Nienkämper
- Company type: Private
- Industry: Manufacturing
- Founded: 1968
- Founder: Klaus Nienkämper
- Headquarters: Toronto, Ontario, Canada
- Area served: Worldwide
- Products: Furniture
- Website: https://www.nienkamper.com/

= Nienkämper =

Company

Nienkämper is a furniture manufacturer founded by Klaus Nienkämper in 1968. The North American company operates a 120,000-square-foot factory in Toronto's east end that produces furniture for office, residential, institutional and hospitality applications with showrooms in Toronto, New York, Chicago and Dallas.

== History ==
Klaus Nienkämper, who emigrated to Canada from Duisburg, Germany in 1960, is recognized for helping to introduce modern European furniture to Canadians at a time when modernism was just beginning to enter the country. In Making Toronto Modern, Christopher Armstrong argues that Toronto’s residents only started to adopt modernism in the 1950s, and that Finnish architect Viljo Revell’s Toronto City Hall, which opened in 1965, was a turning point for the city's Modernism movement. "Nienkamper threw himself into one of Canada's most optimistic eras," writes architecture critic Lisa Rochon, "when government-sponsored design centres in Montreal, Ottawa and Toronto opened and exhibitions travelled across the country." He supplied furniture to Moshe Safdie’s Habitat housing complex at Expo 67 in Montreal, the minimalist terminal of Gander International Airport, and the lounge at Toronto’s Pearson International Airport. In this milieu, Nienkämper established his eponymous furniture company in 1968, opening a showroom at 300 King Street East in Toronto in the same year. While the company began as an importer and manufacturer under license for such modern European brands as Knoll and de Sede.
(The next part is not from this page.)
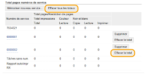 Pour remettre un compteur à zéro, cliquez sur le lien correspondant figurant sous [Numéro de service], puis cliquez sur [Effacer le total]  [OK]. Pour réinitialiser les compteurs de tous les numéros de service, cliquez sur [Effacer tous les totaux]  [OK].

Nienkämper eventually developed its own furniture collections designed by international and Canadian designers.

In 2019, Klaus Nienkämper was the recipient of the Allied Arts Metal from the Royal Architectural Institute of Canada (RAIC) for his role in advancing furniture design in Canada. As one juror put it, "Klaus Nienkämper’s furniture designs are fundamental to late-century Canadian architectural history."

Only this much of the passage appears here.